— Как ты думаешь, к чему бы все это?
— Ох… Знаешь, устал я от всего этого. Так хорошо жить без оглядки на стукачей. Не хочется возвращаться в прошлое. Уж слишком это тяжело. Может, все обойдется?
— Не знаю.
— Я тоже не знаю. Вот сейчас смотрю новости. Да, кстати. Звонил Митя. Приехал из Питера с какой-то научно-технической тусовки. Сейчас его можно найти только где-нибудь в виртуальном мире. Но я его вытащу и расскажу о такой новости. Я его верну в реальность.
— Ну-ну, попробуй.
— А еще, пожалуй, позвоню Юле в Мюнхен. Если найду ее телефон… Помнишь, когда-то она собиралась изучать философию по Расселу… Представляешь? По Расселу! Кстати, как Алеша?
— Алеша у бабушки с дедушкой.
— Я купил ему одну компьютерную игрушку.
— Было бы лучше, если бы ты с ним поговорил.

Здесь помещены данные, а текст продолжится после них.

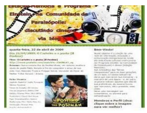
The Blog: www.estacaomemorianausp.blogspot.com

These older people had selected four movies and had shown these to the group of adolescents, between a relation of twenty and four commented movies featured on the Memory Station's blog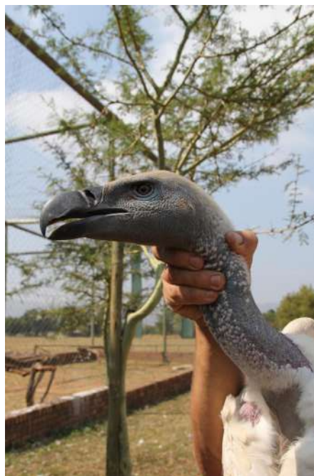
Figure 2: The proper hand placement to stabilize a vulture head

Once the selected vulture is within close reach, its neck should be grabbed from behind first, just below the jaw bone (Fig. 2). Do not grab the head from the front as you can crush the trachea, potentially causing permanent and irreversible harm. Do not grab lower than the jaw bone as the bird can turn its head around and bite you. Do not grab higher as you will lose your grip and may cause injury to the head, especially the ears or eyes of the bird. Use your thumb and forefinger around the back of the neck from behind the bird's head. Reach your fingers around to be against but below the jaw bone with the pressure on the sides of the neck to avoid suffocating the bird by constricting the trachea. You can be firm but not rough or too tight so as to avoid harming the bird. Great care should be taken with the hand holding the head. The head should always be held far enough away from your face and other body parts, as well as other people in your proximity. Vultures are extremely strong and can lunge and bite suddenly in defence, even when appearing calm. This can result in serious injury.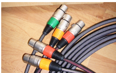
Cables and interconnects are AudioSense-made and tailored to the required length..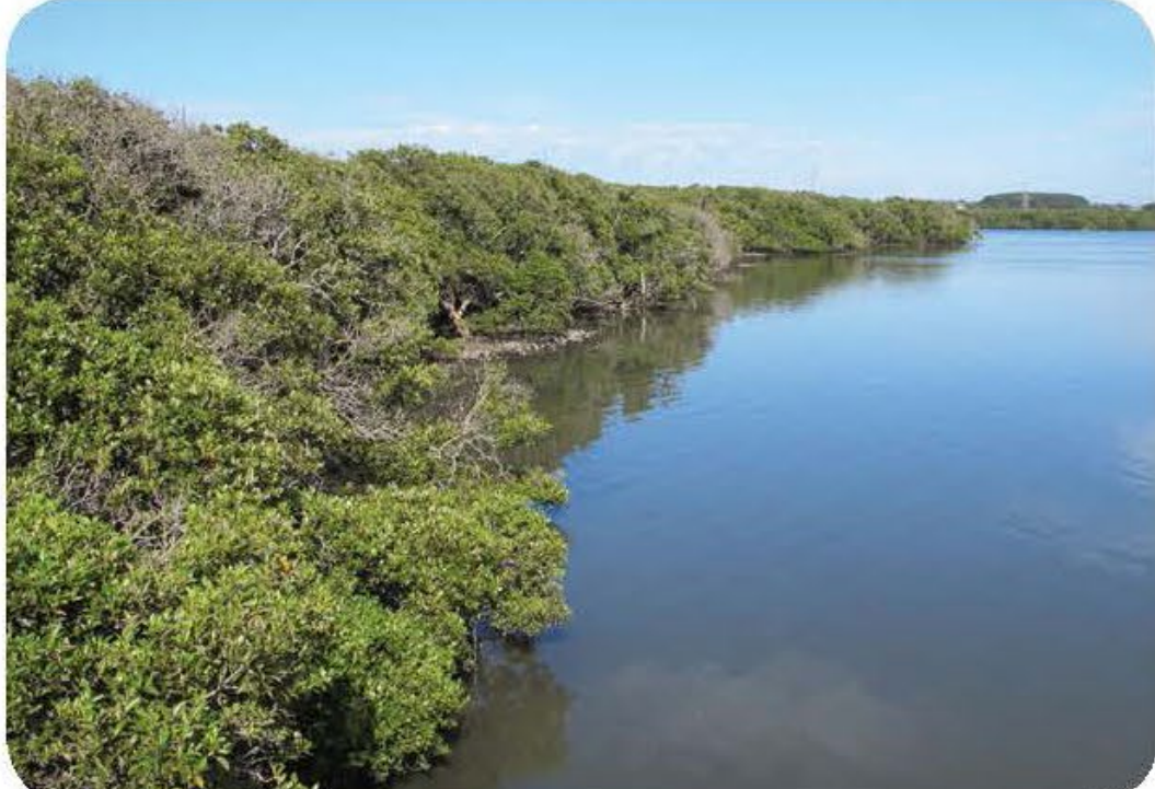
Retain existing mangroves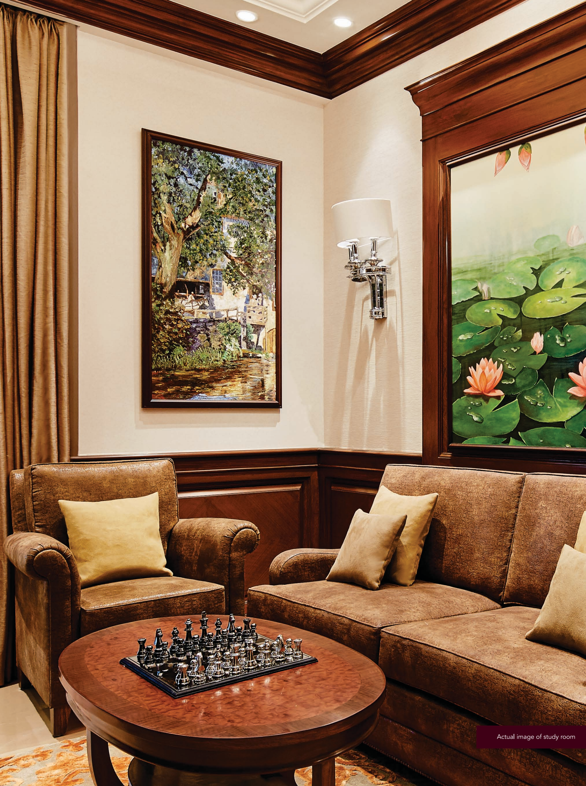
Actual image of study room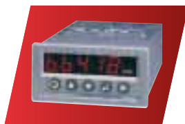
DML330 page 6

5 digit indicator Dual alarm relays Analogue output Serial output Logic status Universal input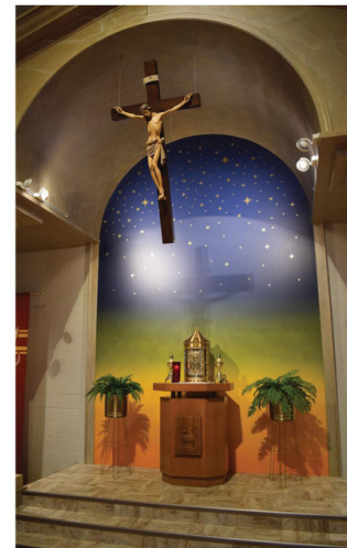
A closer look at the raised tabernacle and the new painting behind it. The church's crucifix was retained in the redesign.

The first Mass was celebrated in the Lyric Theater on Seventh Street on the third Sunday of May 1919. Ground was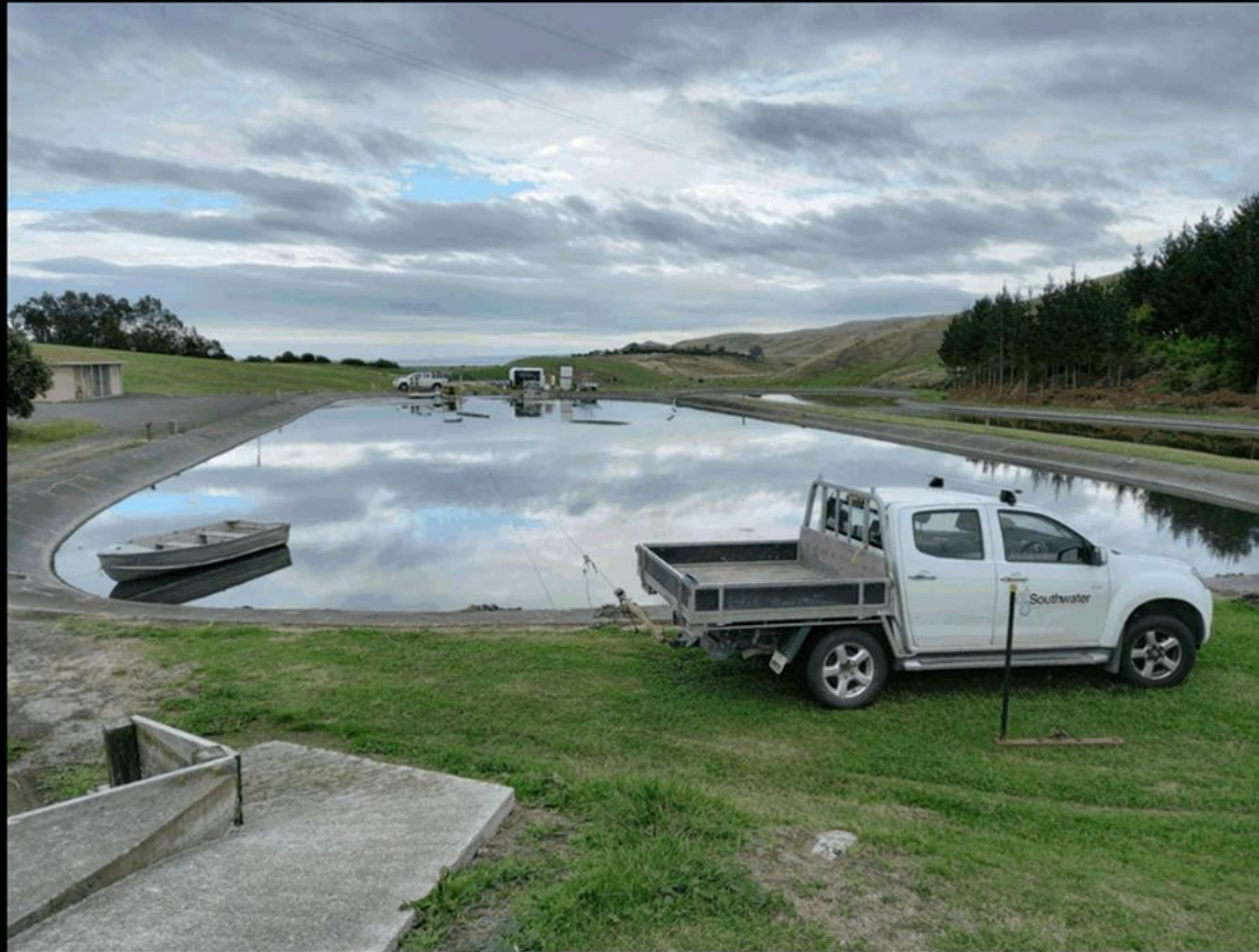
1804. Wairoa WWTP - Southwater desludging2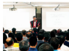
Extension Lecture for Citizens

Task of the Ninja Let's watch the Ninja City channel!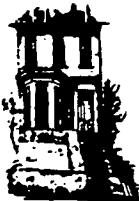
Legislative Office Washington, D. C.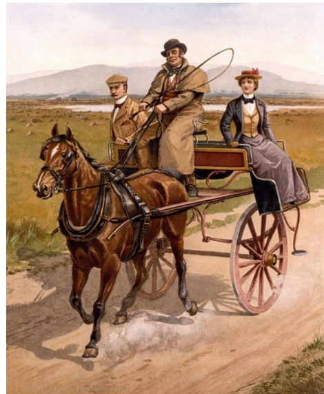
Irish jaunting car, 1890-1900 colour

Jaunting car - a light two-wheeled carriage for a single horse, commonly with seats placed back to back and the foot-boards projecting over the wheels; once the typical conveyance for persons in Ireland.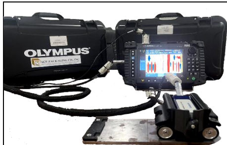
EDDY CURRENT ARRAY

ECA (eddy current array) provides the ability to detect hidden corrosion and cracks in multilayer structures.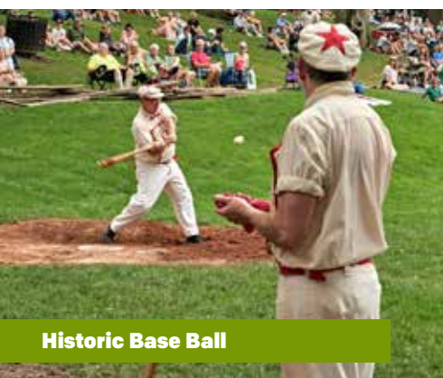
Historic Base Ball

Free with digital corporate membership pass or included with village admission. Reservations required to tour the Jackson Home.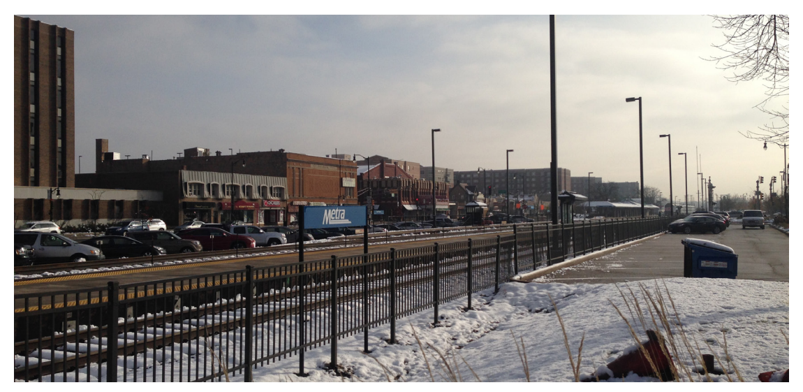
Metra tracks in downtown Des Plaines

Downtown Des Plaines is the community's most prominent center of activity. Visitors and residents can find shops, restaurants, and offices all in walking distance to the Metra station. Even though the area has so much to offer there are still a lot of opportunities to strengthen it. The participants of the discussion panel recognized this and devised these recommendations to assist in shaping the downtown area for the years to come.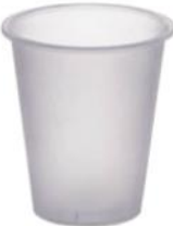
CC12F 12 oz (350 ml) Ø 90/55 H 100 mm 500/ctn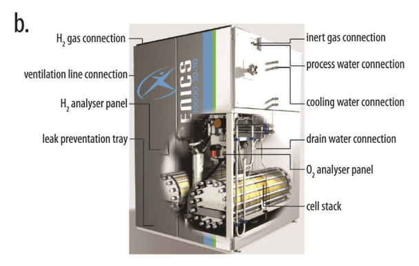
Fig. 1 (a) A schematic illustration of a simple U-tube configuration for water electrolysis. Voltage penalties (overpotentials) increase the total voltage required to operate the system at a given rate relative to the thermodynamically required potential, and include the kinetic overpotentials associated with the hydrogen-evolution and oxygen-evolution reactions (\eta_{\text{HER}} \text{ and } \eta_{\text{OER}}, \text{ respectively}), \text{ the concentration overpotential } (\eta_{\text{con}}), \text{ and } ohmic resistance loss ( \eta_{\text{ohm}} ). The total operating voltage of the system is given by the sum of the thermodynamic voltage for the water-splitting reaction and the total overpotential, \eta_{\text{total}} , for the system. (b) A schematic illustration of a commercially available (Hydrogenics) alkaline water electrolyzer with auxiliary components.7

transfer between most metal electrodes and a species in solution are slow for complex, multi-step electrochemical reactions, including reactions as simple as the two-electron reduction of two protons to form a single molecule of H<sub>2</sub>. <sup>12,13</sup> The overpotential partially overcomes the activation barrier for such processes, with the exact partitioning of the potential between the liquid and the kinetic barrier depending on the details of the system. Assuming an Arrhenius-type relationship for the interfacial charge-transfer kinetics yields an exponential relationship between the overpotential and the rate, or current density, j, of the reaction of interest:

— Я приеду к нему на день рождения.
* * *
Голос Олега вызвал из памяти другие образы, которые, как ей казалось, ушли далеко в прошлое. Ей вспомнились сырость и холод подъезда, в который она входила поздно вечером; полусумрак парадного, куда она вступала, при этом машинально, словно небрежно, оглядывая двор, чтобы убедиться, что сзади никого нет; она опускала руку на тяжелые перила и поднималась по ступеням «сталинского» дома на второй этаж. Там, на лестничной клетке, она останавливалась перед высокой дверью и ждала, пока она откроется после короткого звонка. В проеме появлялась худощавая, маленькая, неприметной внешности, словно школьница, отстающая по всем предметам, девушка, — Лариса. Сделав жест, приглашающий войти, она отступала назад, в перспективу коридора, в котором возвышались книжные полки, коробки, никогда не разбиравшиеся, словно хозяева всегда готовились к переезду. Ирина входила, осторожно переступая через чью-то обувь и чьи-то вещи, и опускала сумку на старинный журнальный столик.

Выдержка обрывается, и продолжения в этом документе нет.